━━ Provided records

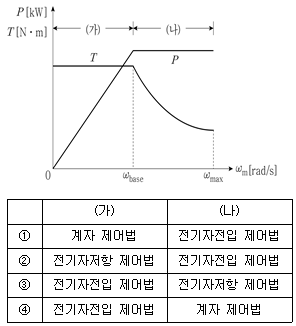 7. 그림의 (가)와 (나) 영역에 적합한 타여자 직류전동기의 속도제어법은?
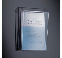 Alcsoport prospektustartó Méret A4 szórólapok, információs anyagok, menük egyszerű és látványos bemutatására UV és eső álló kialakítás rekesz mélysége: 60 mm méretek: 247 x 339 x 88 mm (Sz x M x M).
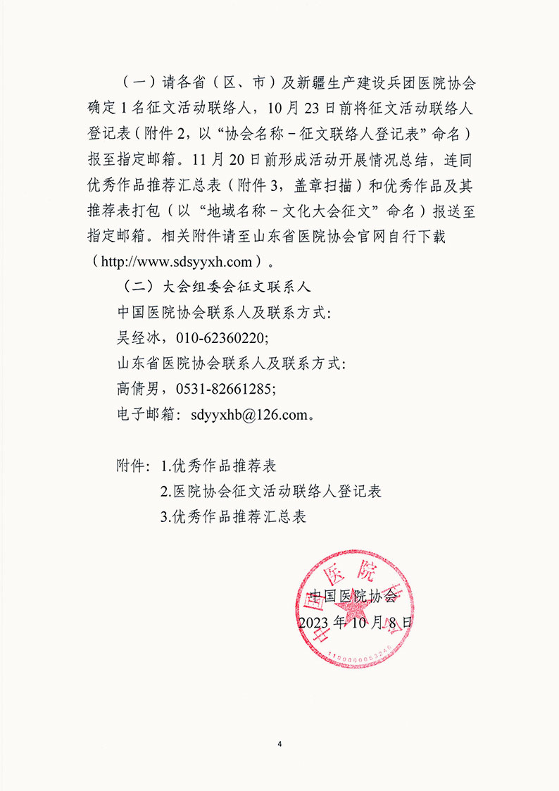 共同主办的第二届中国医院文化大会拟于2023年12月8-10日在山东济南召开。
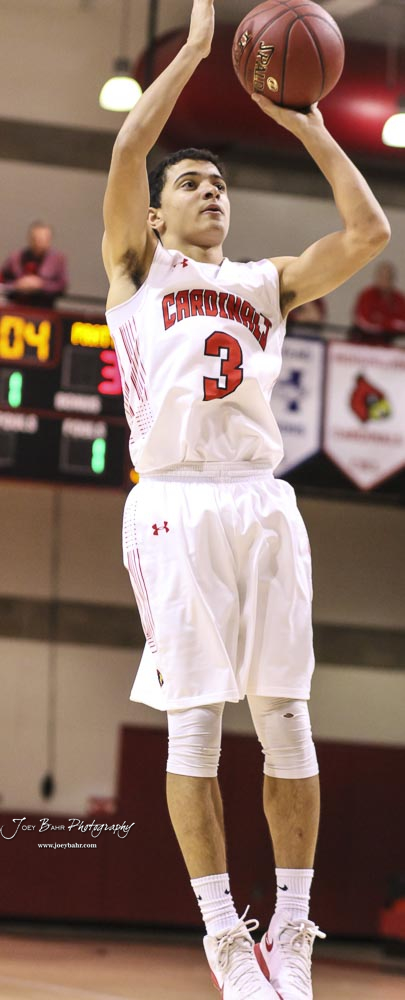 Hoisington Cardinal #3 Xavier Robinson pulls up for a jump shot. The Hoisington Cardinals defeated the Pratt Greenbacks by a score of 47 to 41 in the Boys Championship game of the 2018 Hoisington Winter Jam at the Hoisington Activity Center in Hoisington, Kansas on January 20, 2018. (Photo: Joey Bahr, www.joeybahr.com)undefined
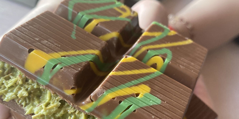 İlk olarak “Can’t Get Knafeh of It” (Künefeye Doyamıyorum) adıyla sunulan Dubai Çikolatası, çıtır kadayıf, Antep fıstığı ve zengin çikolatanın bir araya geldiği eşsiz bir lezzet kombinasyonu sunuyor. Yoğun aromalar ve farklı dokuların birleşimi, ürünü tam anlamıyla bir lezzet patlamasına dönüştürüyor.
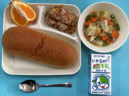 豆腐のミートグラタン、押麦と野菜のスープ、デコポンでした。
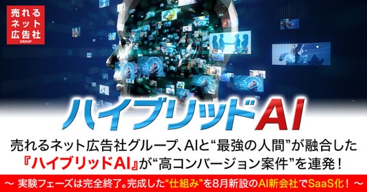 売れるネット広告社グループ、AIと“最強の人間”が融合した『ハイブリッドAI』が“高コンバージョン案件”を連発!~ 実験フェーズは完全終了。完成した“仕組み”を8月新設のAI新会社でSaaS化! ~
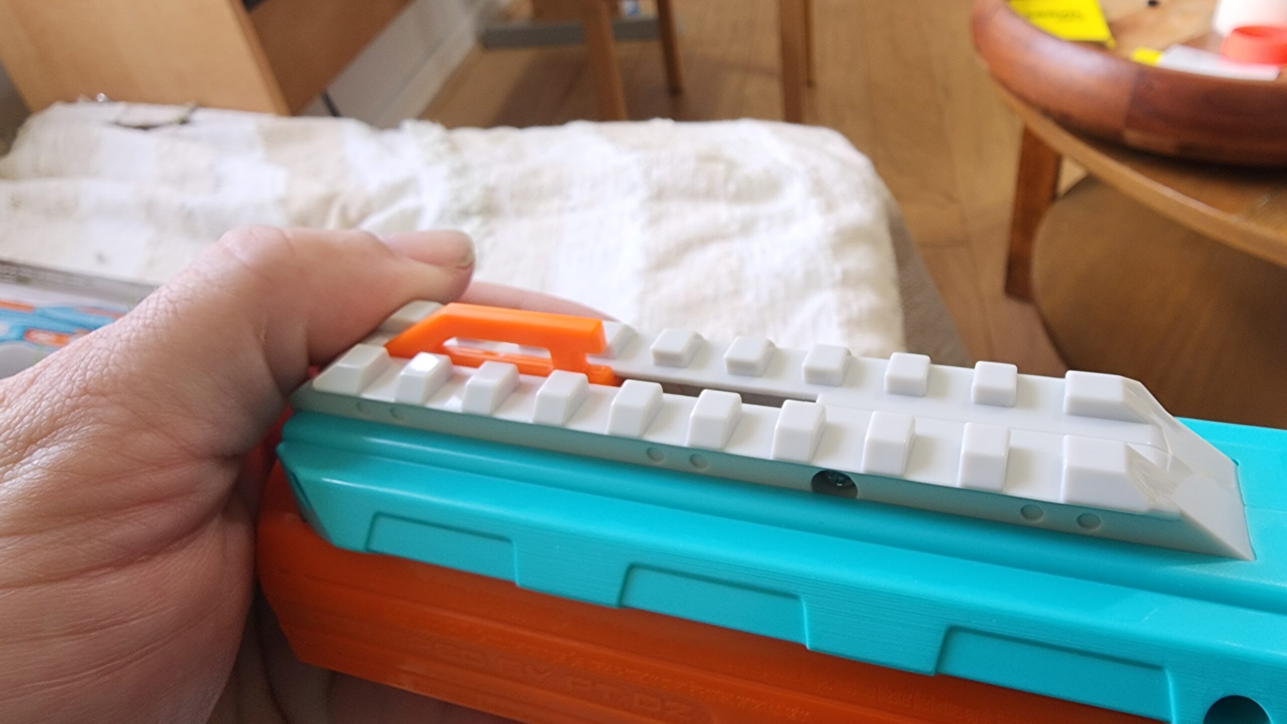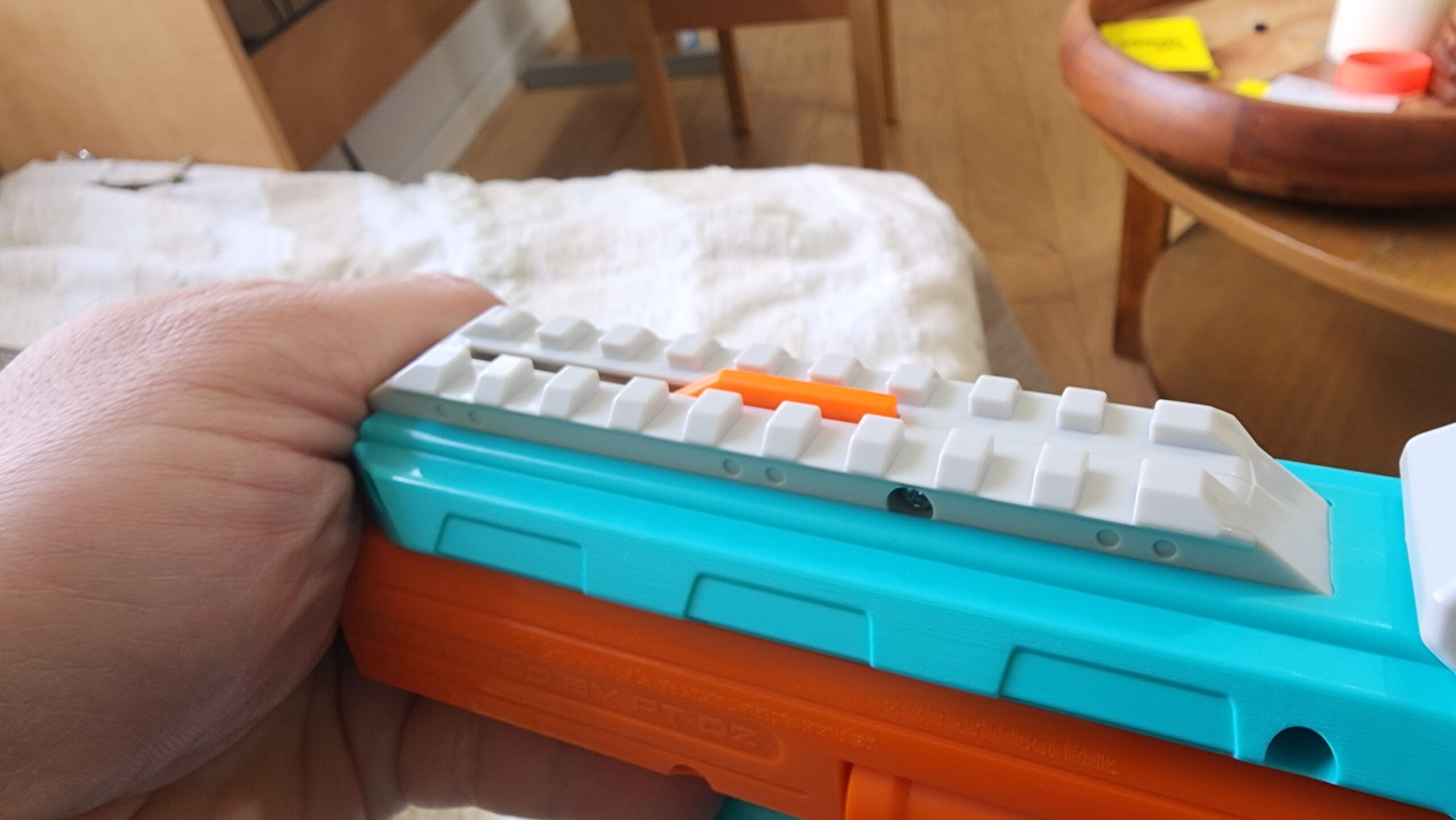 The Delta Pro is an interesting mix of traditional revolver and Outlaw-style barrel operation. The barrel retracts on the trigger pull, sealing against the cylinder while pressing it back against the plunger tube gasket. Despite the retracting barrel, the front of the blaster has been widened to allow the use of accuracy attachments. At the same time, if the barrel and trigger are linked…manipulating/hitting the barrel could fire the blaster. To prevent that, there’s an extra safety feature! The trigger pivots slightly against a spring (and out of the way of an internal ridge) when you press it, but it doesn’t pivot if the force comes from pressing in the barrel. I know I wouldn’t have thought about that possibility, so kudos to Dart Zone for solving a potential issue ahead of time.
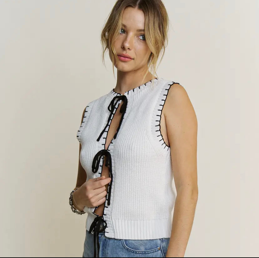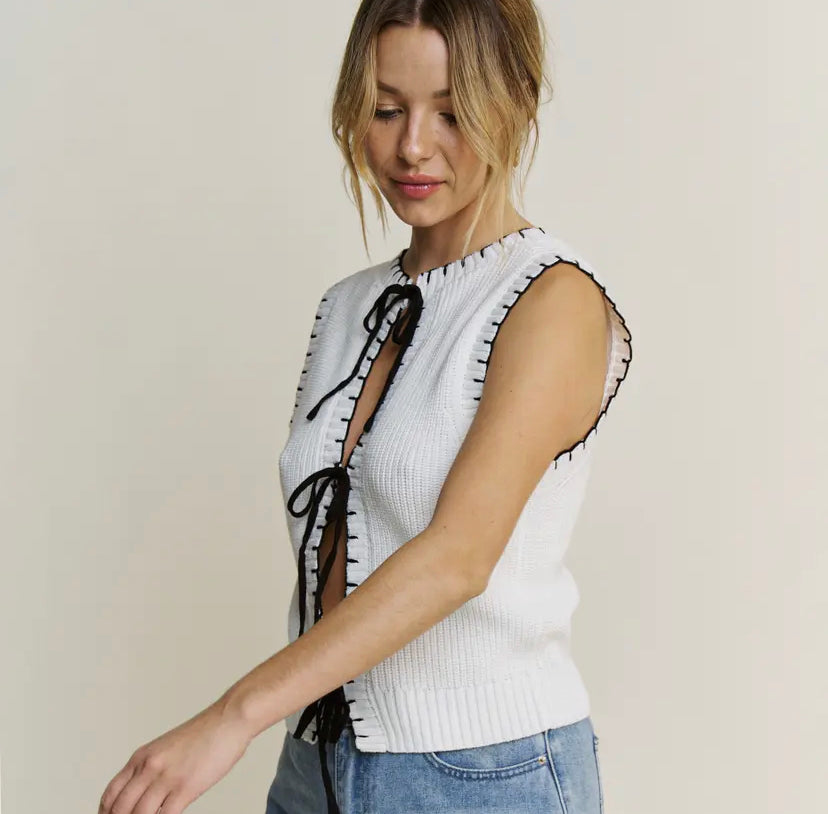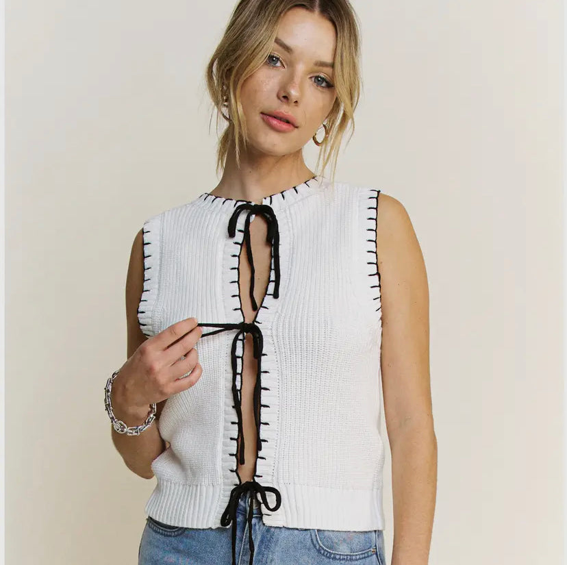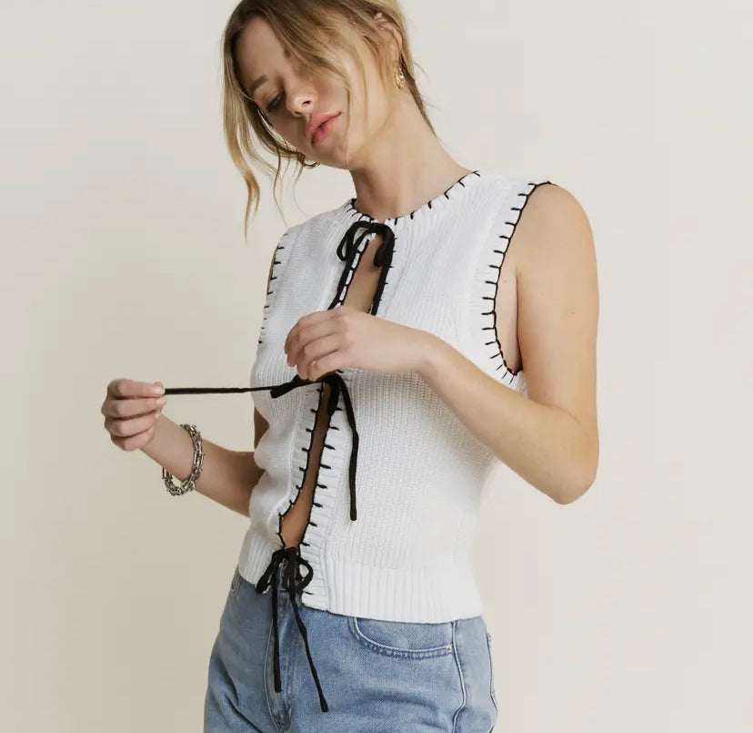 This knit vest is adorned with meticulous contrast stitching that adds a modern edge to a timeless silhouette. Whether layered over a crisp shirt for a polished look or paired with casual wear for a touch of elegance. Crafted from a soft, stretchy knit, - knit top with blanket stitch detail - Sleeveless - Slip-on closure - Self-tie bowknot at back - Knit fabric provides flexibility - Fit: Relaxed - back tie closure

━━━━

### Problem description
With the pictures stripped out, return each record word for word.

### Response
 7. 그림의 (가)와 (나) 영역에 적합한 타여자 직류전동기의 속도제어법은?
 Alcsoport prospektustartó Méret A4 szórólapok, információs anyagok, menük egyszerű és látványos bemutatására UV és eső álló kialakítás rekesz mélysége: 60 mm méretek: 247 x 339 x 88 mm (Sz x M x M).
 共同主办的第二届中国医院文化大会拟于2023年12月8-10日在山东济南召开。
 Hoisington Cardinal #3 Xavier Robinson pulls up for a jump shot. The Hoisington Cardinals defeated the Pratt Greenbacks by a score of 47 to 41 in the Boys Championship game of the 2018 Hoisington Winter Jam at the Hoisington Activity Center in Hoisington, Kansas on January 20, 2018. (Photo: Joey Bahr, www.joeybahr.com)undefined
 İlk olarak “Can’t Get Knafeh of It” (Künefeye Doyamıyorum) adıyla sunulan Dubai Çikolatası, çıtır kadayıf, Antep fıstığı ve zengin çikolatanın bir araya geldiği eşsiz bir lezzet kombinasyonu sunuyor. Yoğun aromalar ve farklı dokuların birleşimi, ürünü tam anlamıyla bir lezzet patlamasına dönüştürüyor.
 豆腐のミートグラタン、押麦と野菜のスープ、デコポンでした。
 売れるネット広告社グループ、AIと“最強の人間”が融合した『ハイブリッドAI』が“高コンバージョン案件”を連発!~ 実験フェーズは完全終了。完成した“仕組み”を8月新設のAI新会社でSaaS化! ~
 The Delta Pro is an interesting mix of traditional revolver and Outlaw-style barrel operation. The barrel retracts on the trigger pull, sealing against the cylinder while pressing it back against the plunger tube gasket. Despite the retracting barrel, the front of the blaster has been widened to allow the use of accuracy attachments. At the same time, if the barrel and trigger are linked…manipulating/hitting the barrel could fire the blaster. To prevent that, there’s an extra safety feature! The trigger pivots slightly against a spring (and out of the way of an internal ridge) when you press it, but it doesn’t pivot if the force comes from pressing in the barrel. I know I wouldn’t have thought about that possibility, so kudos to Dart Zone for solving a potential issue ahead of time.
 This knit vest is adorned with meticulous contrast stitching that adds a modern edge to a timeless silhouette. Whether layered over a crisp shirt for a polished look or paired with casual wear for a touch of elegance. Crafted from a soft, stretchy knit, - knit top with blanket stitch detail - Sleeveless - Slip-on closure - Self-tie bowknot at back - Knit fabric provides flexibility - Fit: Relaxed - back tie closure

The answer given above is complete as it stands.